Puma – An untapped safety resource

While living and working in the Pacific Northwest portion of the United States I met a puma face-to-face for the first time. In this part of the world puma is another name for mountain lion, or cougar, or panther – all describing this large wild American predatory cat. I was at a roasting for a long time supervisor, Herman, who had finally reached retirement age. As he took part in the lighthearted fun one of his associates asked about his wife’s nickname, “The Puma.” Why was she called this, and what was her real name, anyway?  Herman brought his wife on stage and introduced her as Dorothy and then explained how she became The Puma. Early in his career each work day ended at a local bar where the production leadership discussed the day’s events over adult beverages. One evening Dorothy brought in his three young children, cleared away seats next to him at the bar, sat his kids down next to him and then loudly said something like, “Children this is your father and this is the only way you will ever get to know him!” She spun and walked out of the bar leaving him embarrassed with his three youngsters. She thus got the handle The Puma and quickly got the father back home with his children as well. 
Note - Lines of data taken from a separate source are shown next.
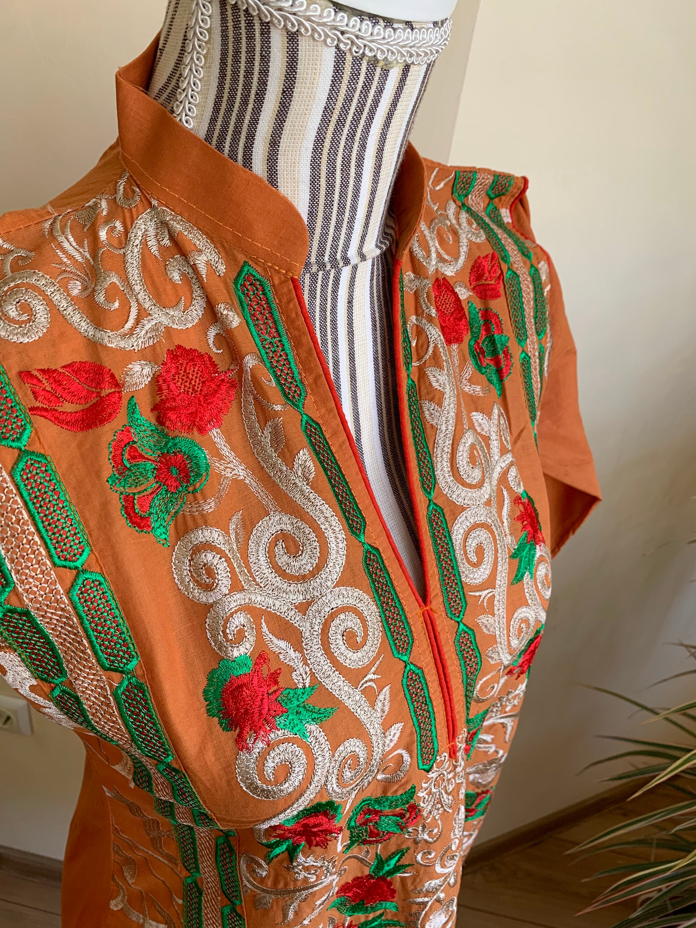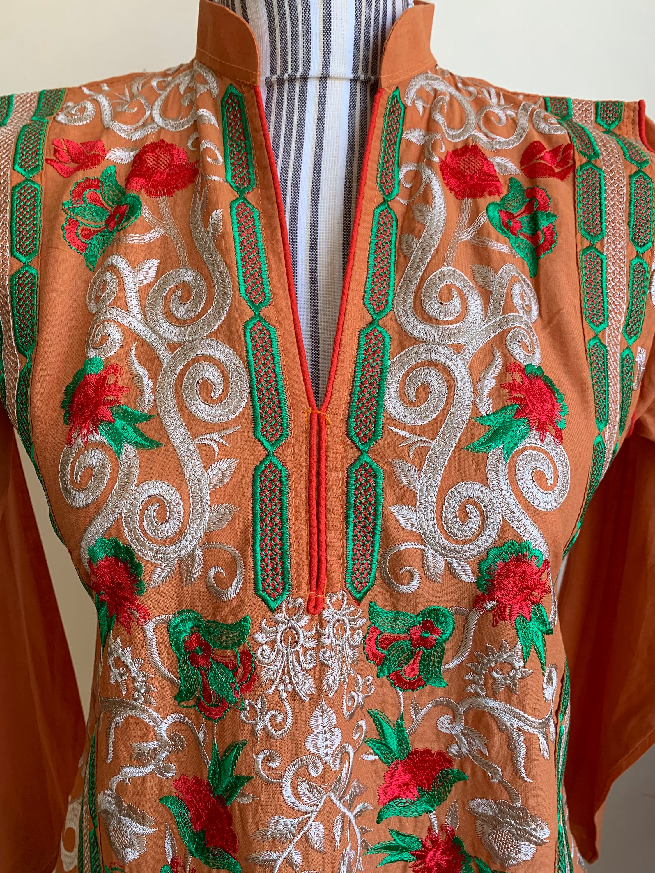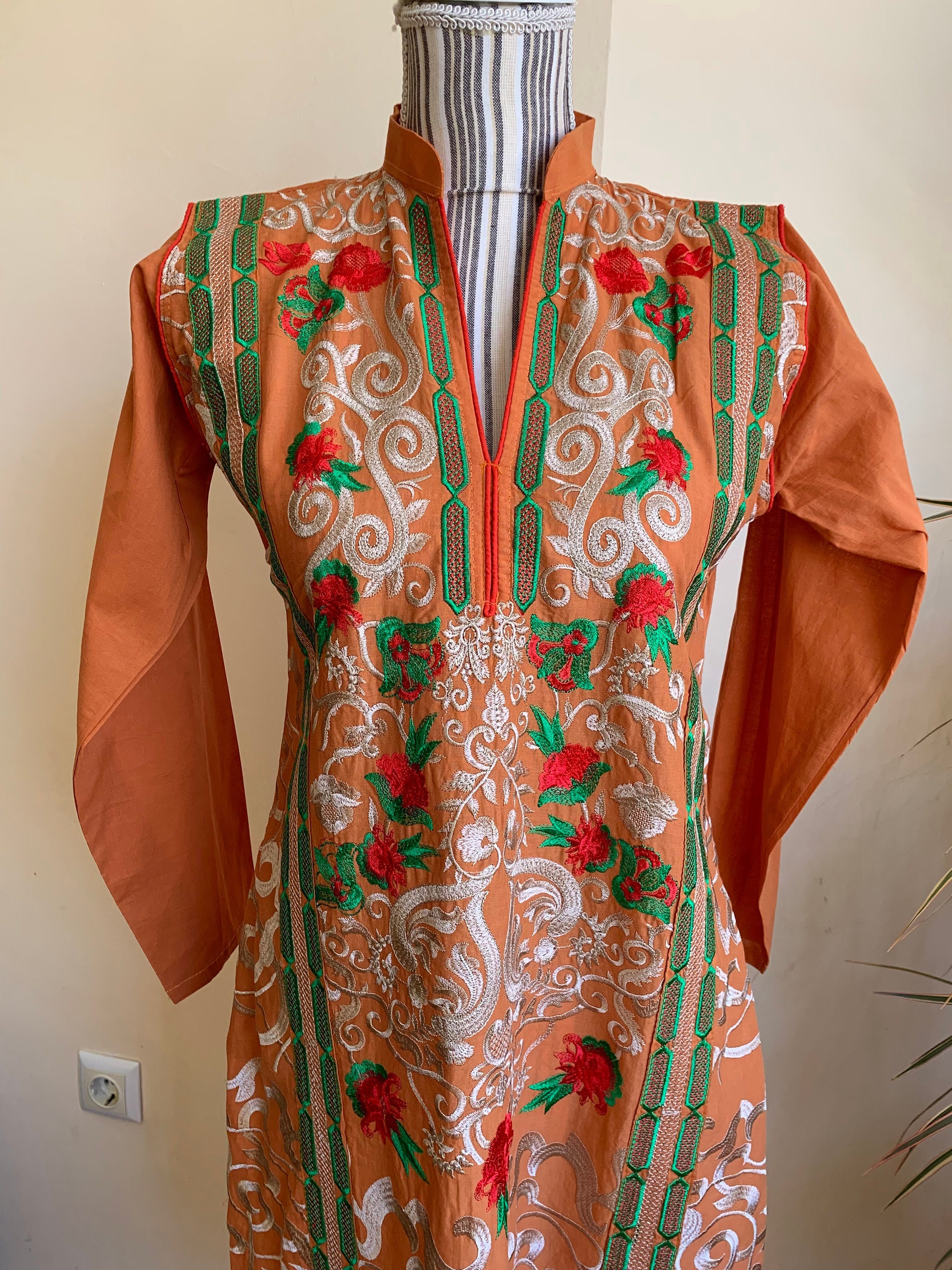 This is a vintage orange kaftan midi dress with deep side slits. This boho cotton dress has a v neck front and long sleeves. This bohemian tunic dress has beautiful embroidery front in red, green and white. The back is simple and clean. You can wear this long tunic as a boho shirt or as a beach cover up. You can pair it with relaxed pants underneath or throw it over your swimming suit. This mid calf dress has no size marked - it fits like size XS/ S. Please check the measurements below.
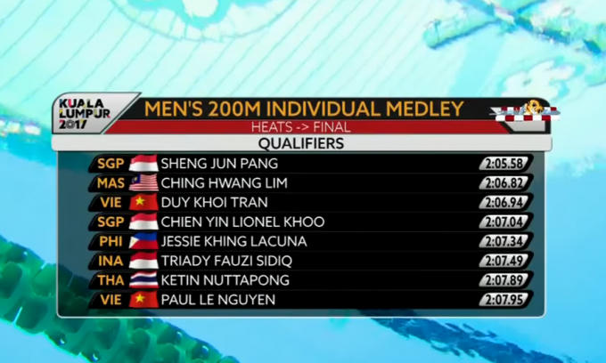 Duy Khôi và Le Paul vào chung kết 200m hỗn hợp nam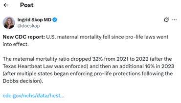Following the CDC’s release of the report in February 2025, Ingrid Skop, M.D., FACOG, vice president and director of Medical Affairs for the Charlotte Lozier Institute, posted on X, noting the post-Dobbs decrease, “U.S. maternal mortality fell since pro-life laws went into effect.”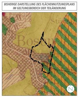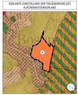 Der Flächennutzungsplan stellt den Geltungsbereich des Bebauungsplanes derzeit noch als gemischte Baufläche, Flächen für die Landwirtschaft sowie Sondergebiet und Grünfläche dar. Der vorliegende Bebauungsplan widerspräche aktuell damit dem Entwicklungsgebot nach § 8 Abs. 2 BauGB, wonach Bebauungspläne aus dem Flächennutzungsplan zu entwickeln sind. Aus diesem Grund wird für den Geltungsbereich des Bebauungsplans der Flächennutzungsplan im Parallelverfahren gem. § 8 Abs. 3 BauGB teilgeändert.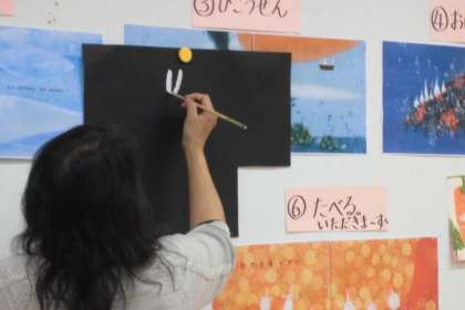 べた塗りではなく,とんとんとんと筆をおいていくようにと教えてもらいました。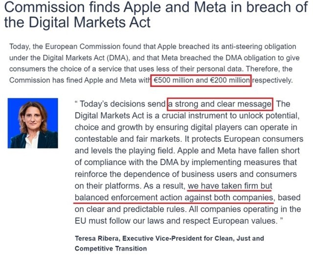 欧委会执行副主席兼竞争事务委员特蕾莎·里贝拉表示,这项罚款“传递出强烈且明确的信息”,那就是欧盟将“坚定但平衡地”实行数字监管。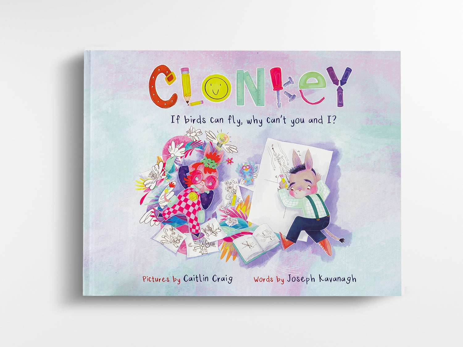 "Clonkey: If Birds Can Fly, Why Can't You and I?" is a whimsical adventure featuring Olala, a girl with a big imagination who loves taking risks, and Flint, a methodical boy who is always careful. Together, they embark on a mission to build a flying gizmo!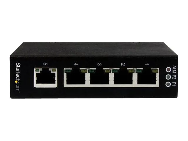 Network up to 5 Ethernet devices through a rugged, industrial Gigabit Ethernet switch - DIN / Wall Mountable. The IES51000 5-Port Industrial Ethernet Switch offers 5 Gigabit Ethernet ports in a compact, IP30-rated metal enclosure, making it the ideal network solution for harsh industrial environments such as factory floors, warehouses or large junction boxes.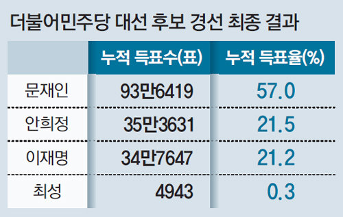 하지만 문 전 대표는 두 팔을 하늘로 번쩍 들었던 이전 경선과 달리 이날은 팔을 들지 않고 몸을 낮추며 경쟁 주자들을 배려했다. 대선 후보로 확정된 순간 문 전 대표는 안 지사, 이재명 경기 성남시장, 최성 경기 고양시장의 손을 일일이 두 손으로 맞잡았다.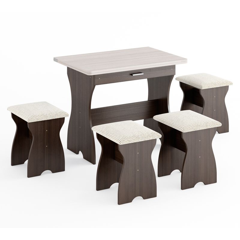 Состоит из прямоугольного стола с ящиком, который можно разложить по необходимости,и четырёх табуреток ,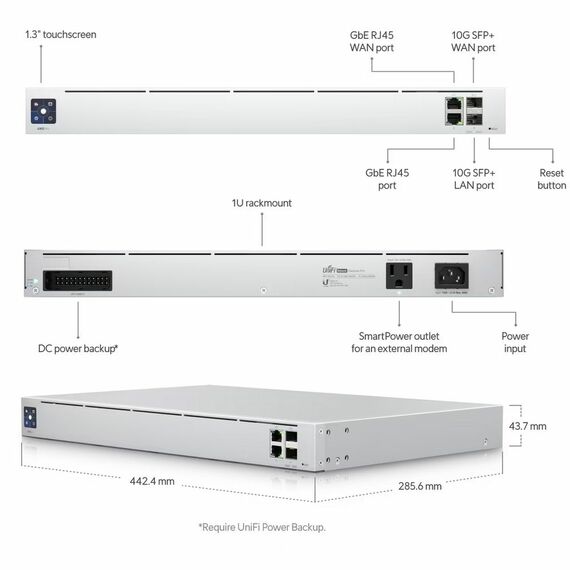 | Особенности | LAN - 1xRJ45+1xSFP+, WAN - 1xRJ45+1xSFP+. 1.3" Touchscreen LCD. Вход DC Power Backup для резервирования питания (реком-ся UniFi Power Backup), разъем SmartPower (для внешн.модема). Кнопка Reset |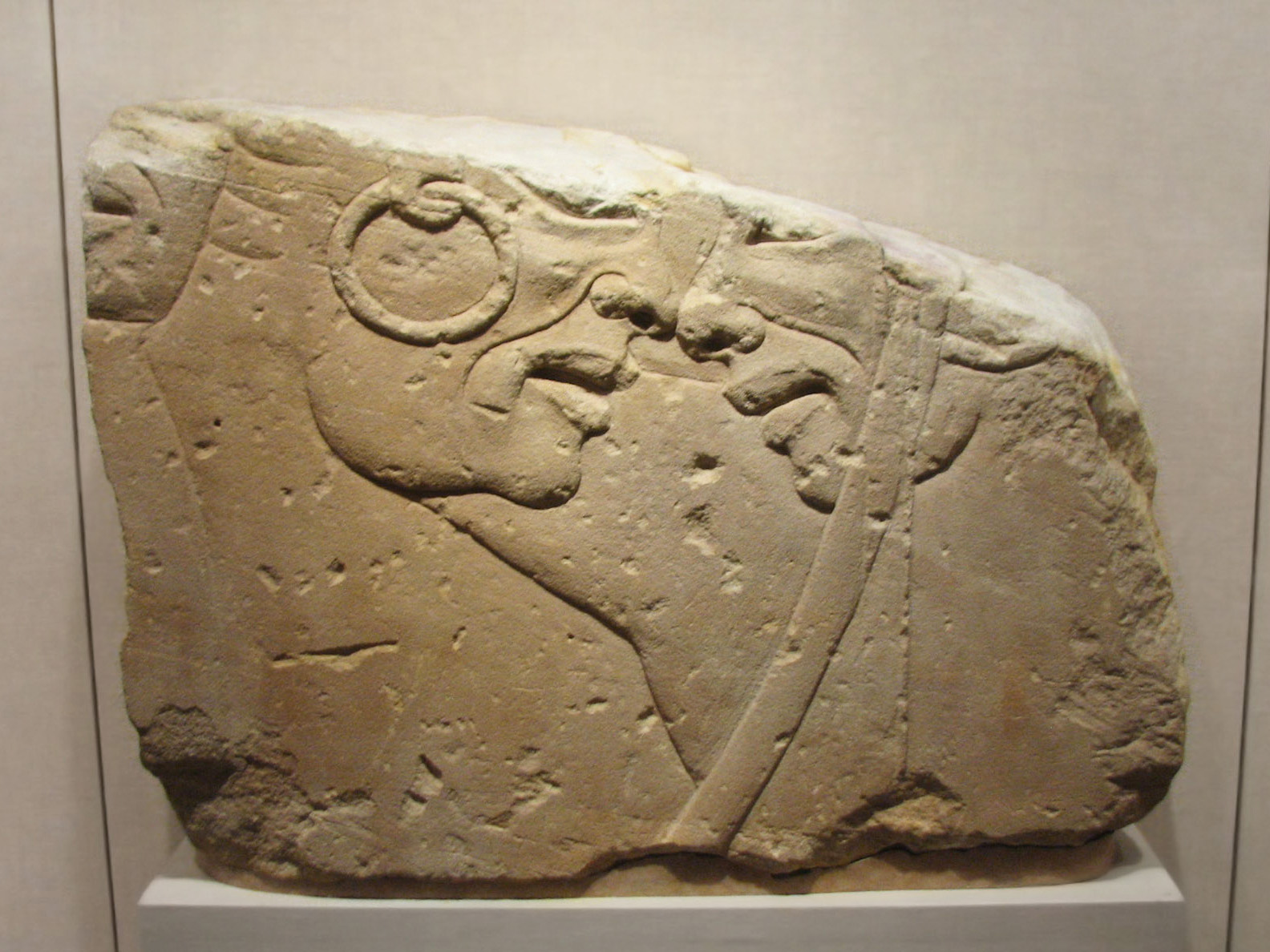 (From the info card) "This fragment of a battle scene shows two Nubian warriors. The man on the right has been wounded in combat. He is supported by a fellow soldier who carries a long Sudanese bow. "Egyptian artisans developed different conventions to depict foreigners. In this example, the hoop earrings and the fleshy folds extending from the nostrils to the corners of the mouth identify these men as Nubians."

Recently one of our customers related a similar story that brought home the often overlooked power of a spouse. In this case an employee broke an important safety rule and experienced a close call that could just as easily have become a serious injury or fatality. As the organization’s leadership reviewed the event with this man, he was informed that his serious infraction could very easily be turned into a discharge. However, instead he would be allowed to continue work if he took a half day off with pay to think over the situation and during this time at home review the event with his wife.The next day he would report back to the manager and discuss what transpired. 

The report out revealed the worker’s wife became extremely upset not only at the possibility of a severe injury, but also the fact that one of the reasons this man had joined the organization was because of their excellent safety reputation. “So why would you take this chance when you knew better for all kinds of reasons?”  It had an indelible impact on him that changed his path and, as he voluntarily shared this with his work group, their future safety culture as well. I know of organizations that mail appropriate safety materials to employees’ homes, addressed to their spouses. This is because there is a noticeable impact on the employee and their families as a result of engaging the spouse in the importance of a 24/7 safety culture. Is there a way you can engage your organization’s spouse-Pumas and thereby improve your safety culture?